*PROBLEM REQUIREMENTS*. Would you output the following records verbatim and skip the images in them?

Records from a data source
┄┄┄┄┄┄┄┄┄┄
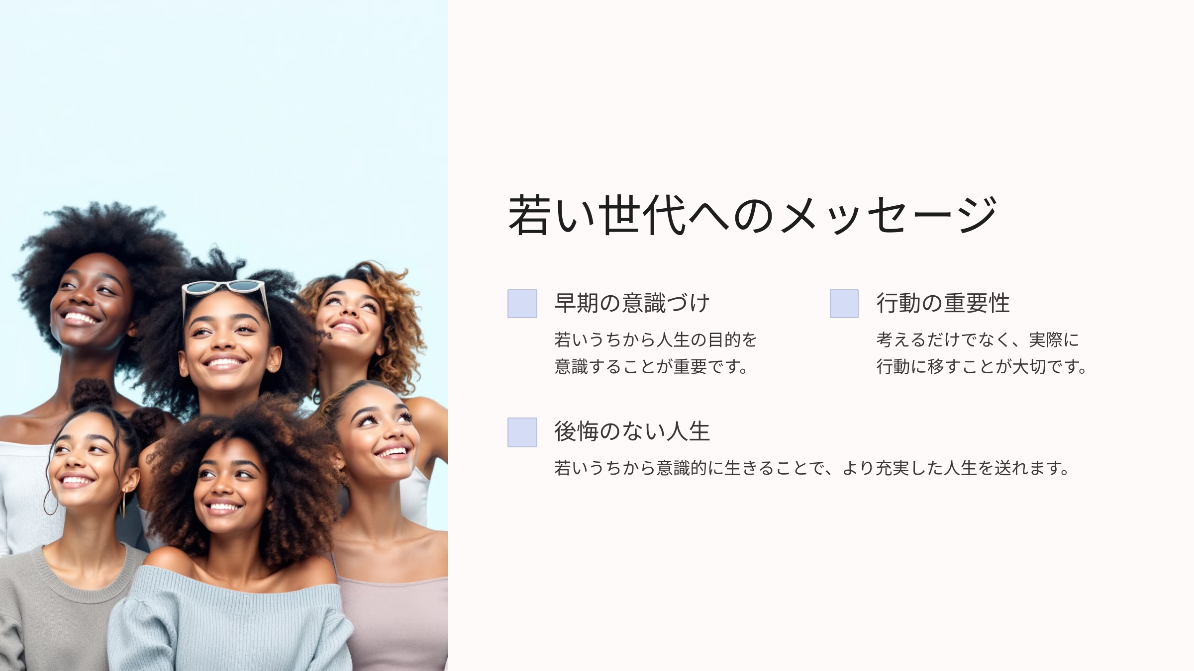 「若いうちから、人生の目的を意識し、行動する」ことで、より後悔のない人生を送ることができるでしょう。
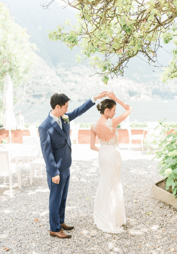 Chinese Tea Ceremony Wedding with Floral Arch in Lake Como
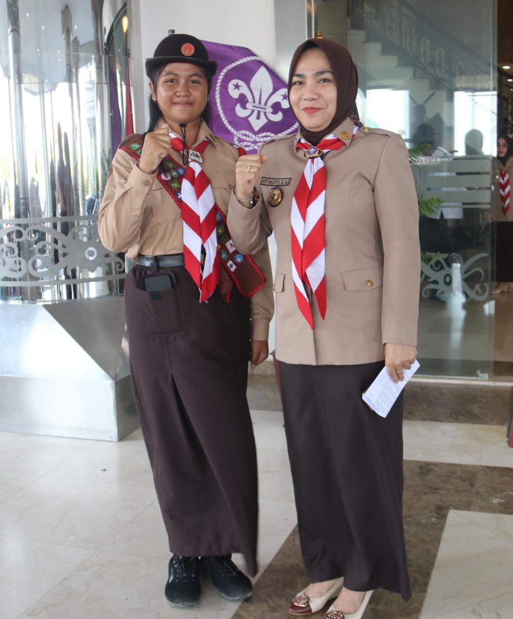 Foto bersama Dela dengan Ketua Kwarcab Pramuka Kutim Asti Mazar Bulang
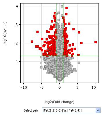 火山图可以对不同样品组之间差异表达的microRNA进行图形化的展示。横轴代表处理组和对照组之间microRNA表达倍数的变化(log2转化),纵轴代表相应的p值(-log10转化)。火山图可以直观的展示microRNA在样品组间的倍数变化与相应的统计学显著性之间的关系(图5)。纵向的绿线分别对应1.5倍的上调(右侧)和下调(左侧),绿色平行线对应0.05的p值。下面火山图中的红色点代表在不同样品组中具有统计学显著性的差异microRNA。
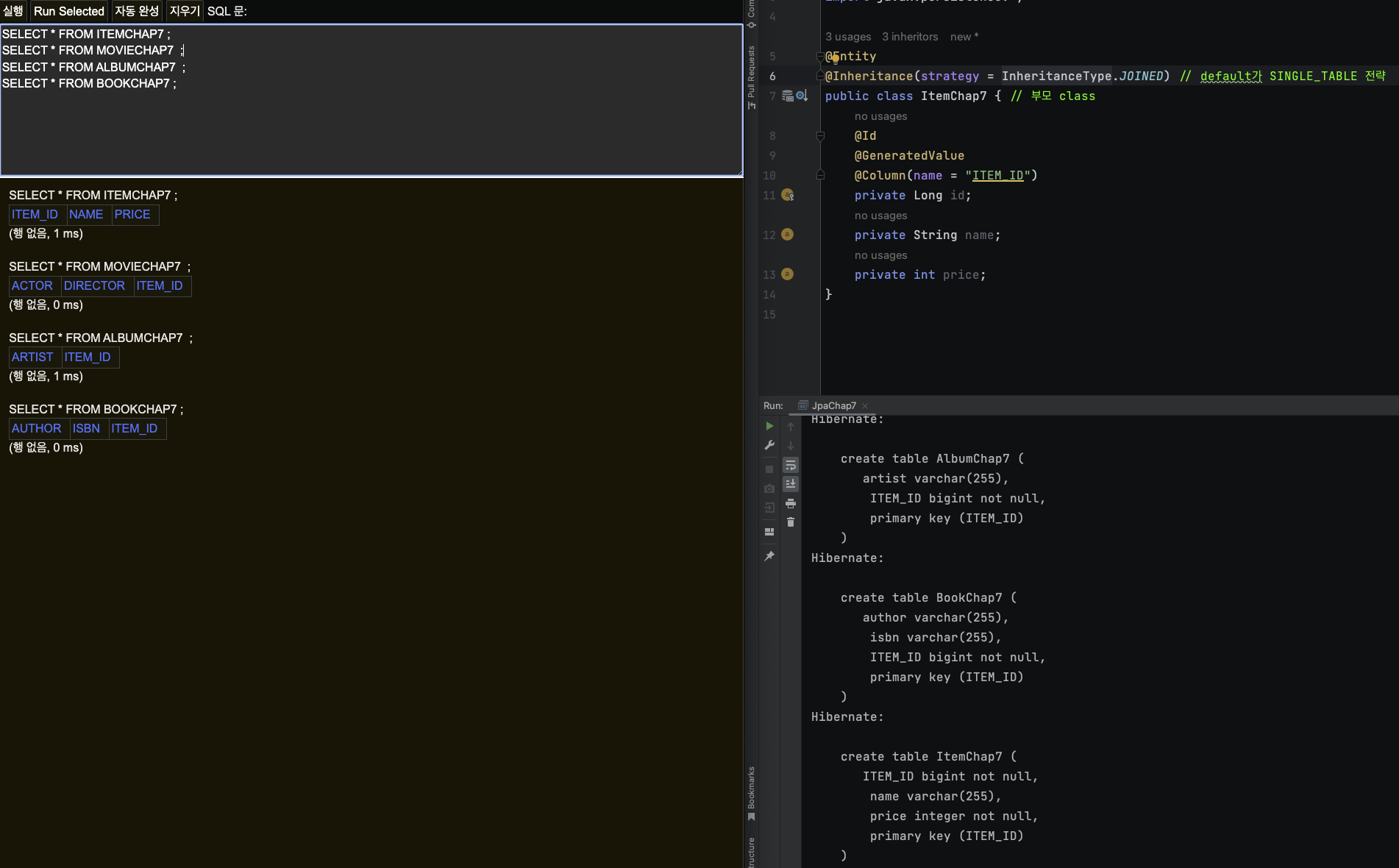 // ItemChap7 findMovie = em.find(ItemChap7.class, movieChap7.getId()); // 구현 class마다 table 전략의 문제점 - 관련 table을 다 뒤진다. 성능 문제
┄┄┄┄┄┄┄┄┄┄
*ANSWER TO THE PROBLEM*.
 「若いうちから、人生の目的を意識し、行動する」ことで、より後悔のない人生を送ることができるでしょう。
 Chinese Tea Ceremony Wedding with Floral Arch in Lake Como
 Foto bersama Dela dengan Ketua Kwarcab Pramuka Kutim Asti Mazar Bulang
 火山图可以对不同样品组之间差异表达的microRNA进行图形化的展示。横轴代表处理组和对照组之间microRNA表达倍数的变化(log2转化),纵轴代表相应的p值(-log10转化)。火山图可以直观的展示microRNA在样品组间的倍数变化与相应的统计学显著性之间的关系(图5)。纵向的绿线分别对应1.5倍的上调(右侧)和下调(左侧),绿色平行线对应0.05的p值。下面火山图中的红色点代表在不同样品组中具有统计学显著性的差异microRNA。
 // ItemChap7 findMovie = em.find(ItemChap7.class, movieChap7.getId()); // 구현 class마다 table 전략의 문제점 - 관련 table을 다 뒤진다. 성능 문제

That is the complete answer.